DATA SHOWN:
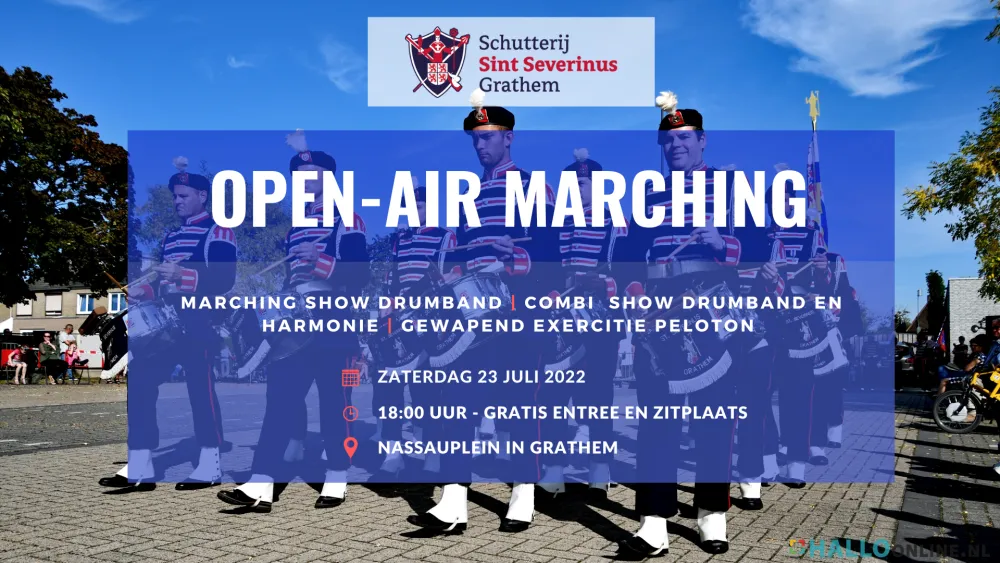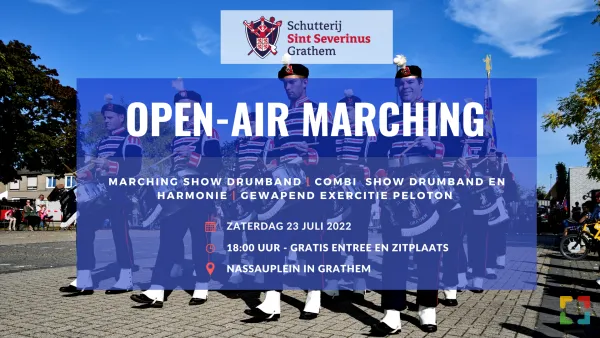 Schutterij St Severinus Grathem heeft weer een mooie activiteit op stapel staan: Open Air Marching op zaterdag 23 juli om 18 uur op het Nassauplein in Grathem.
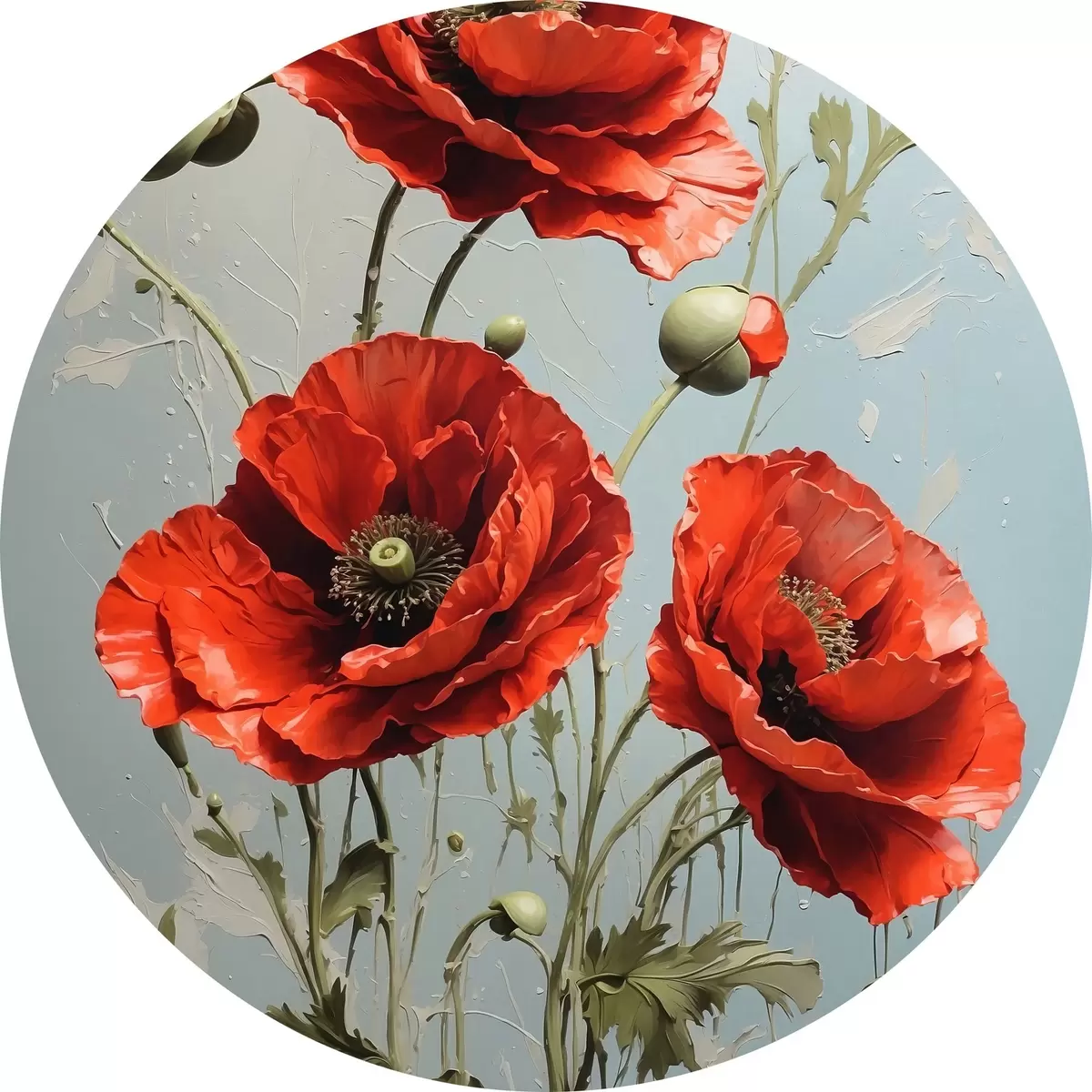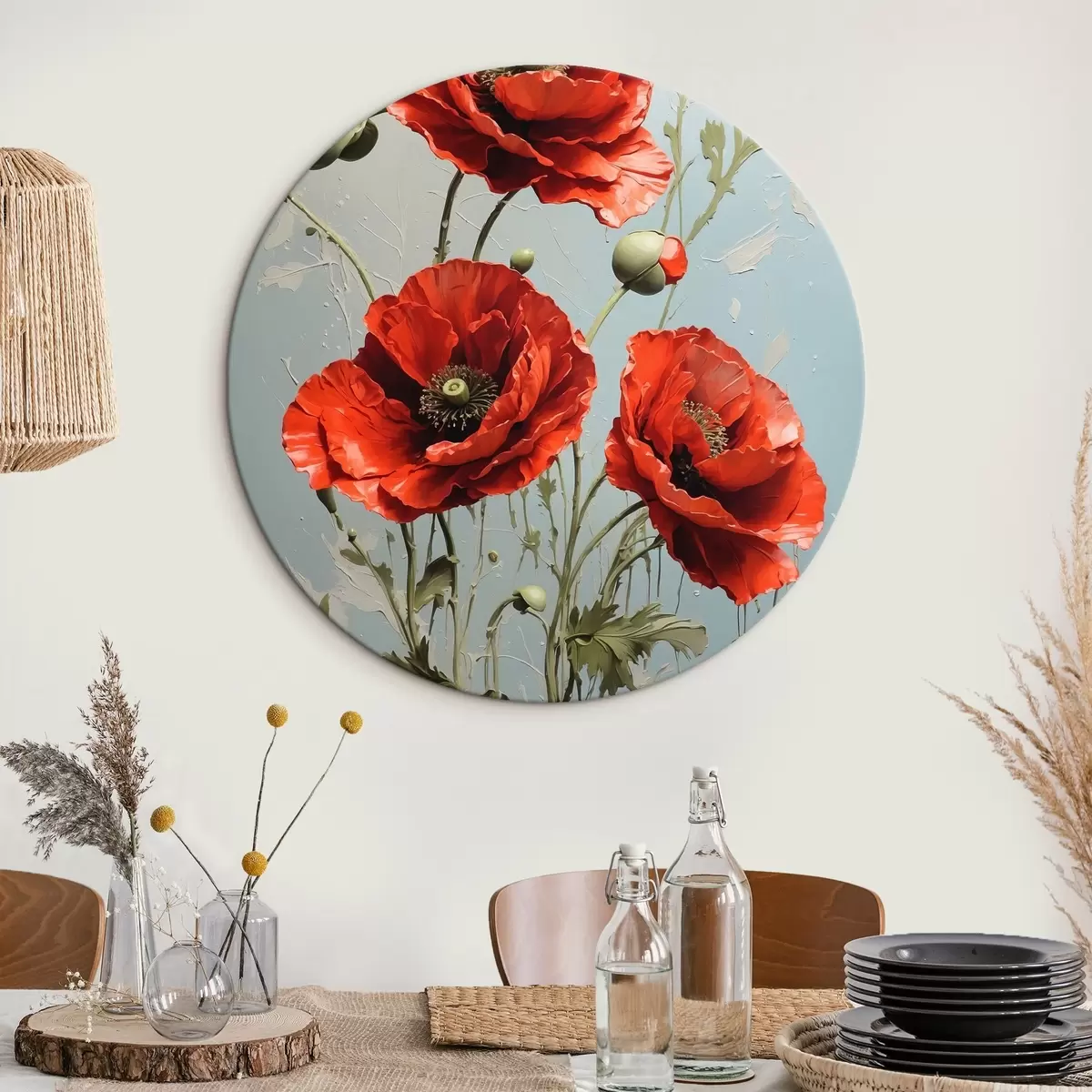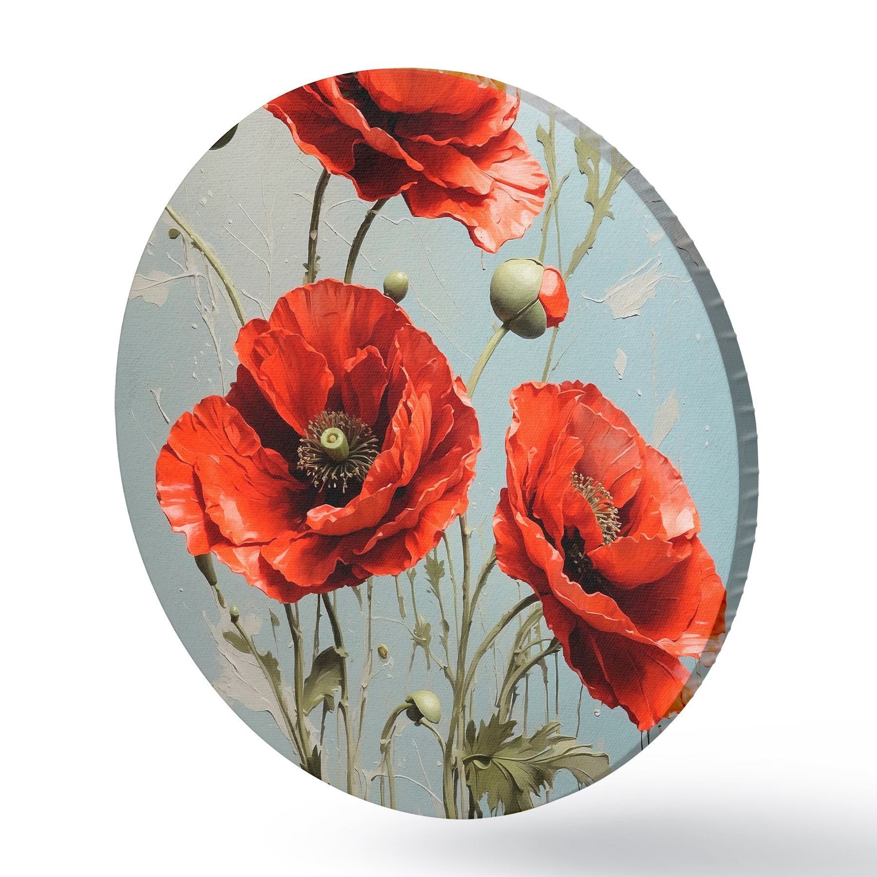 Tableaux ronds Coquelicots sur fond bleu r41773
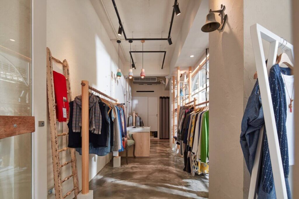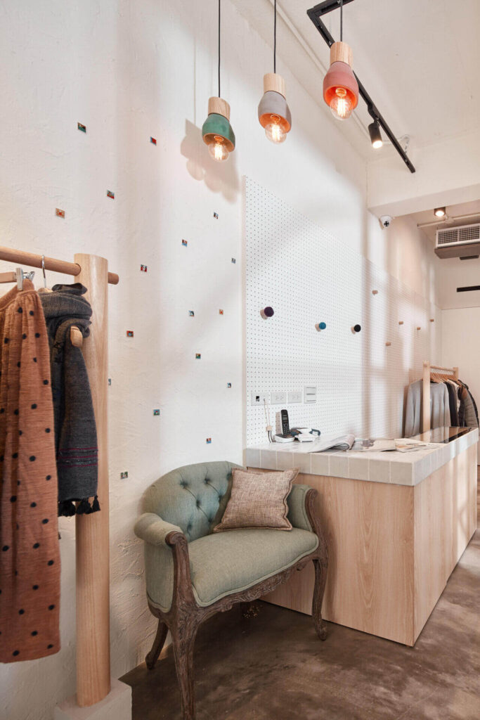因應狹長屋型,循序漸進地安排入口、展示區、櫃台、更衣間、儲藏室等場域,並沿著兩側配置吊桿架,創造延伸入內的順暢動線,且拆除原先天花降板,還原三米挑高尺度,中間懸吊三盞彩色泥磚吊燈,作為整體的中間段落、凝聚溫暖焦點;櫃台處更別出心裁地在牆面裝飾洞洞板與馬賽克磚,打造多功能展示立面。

--

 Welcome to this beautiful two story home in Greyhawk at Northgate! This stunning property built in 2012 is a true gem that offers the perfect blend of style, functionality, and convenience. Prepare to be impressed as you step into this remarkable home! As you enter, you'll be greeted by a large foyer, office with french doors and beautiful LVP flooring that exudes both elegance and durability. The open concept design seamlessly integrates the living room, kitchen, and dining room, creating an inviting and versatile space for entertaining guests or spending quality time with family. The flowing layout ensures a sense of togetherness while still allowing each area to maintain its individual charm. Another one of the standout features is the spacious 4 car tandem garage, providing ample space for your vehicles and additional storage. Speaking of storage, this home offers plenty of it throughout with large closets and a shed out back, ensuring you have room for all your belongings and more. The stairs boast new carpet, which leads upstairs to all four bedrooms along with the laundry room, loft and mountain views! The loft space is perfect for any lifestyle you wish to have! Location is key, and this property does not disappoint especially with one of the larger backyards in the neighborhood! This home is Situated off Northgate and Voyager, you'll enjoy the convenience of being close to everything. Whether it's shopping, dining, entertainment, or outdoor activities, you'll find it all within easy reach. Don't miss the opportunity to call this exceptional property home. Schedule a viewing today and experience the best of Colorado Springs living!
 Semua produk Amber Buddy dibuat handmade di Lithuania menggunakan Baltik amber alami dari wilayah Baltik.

PROBLEM TO SOLVE:
Reproduce the records above exactly, but only from the line with "Schutterij St Severinus" up to and including the line with "因應狹長屋型,循序漸進地安排". Leave the pictures out.

PROBLEM SOLUTION:
 Schutterij St Severinus Grathem heeft weer een mooie activiteit op stapel staan: Open Air Marching op zaterdag 23 juli om 18 uur op het Nassauplein in Grathem.
 Tableaux ronds Coquelicots sur fond bleu r41773
因應狹長屋型,循序漸進地安排入口、展示區、櫃台、更衣間、儲藏室等場域,並沿著兩側配置吊桿架,創造延伸入內的順暢動線,且拆除原先天花降板,還原三米挑高尺度,中間懸吊三盞彩色泥磚吊燈,作為整體的中間段落、凝聚溫暖焦點;櫃台處更別出心裁地在牆面裝飾洞洞板與馬賽克磚,打造多功能展示立面。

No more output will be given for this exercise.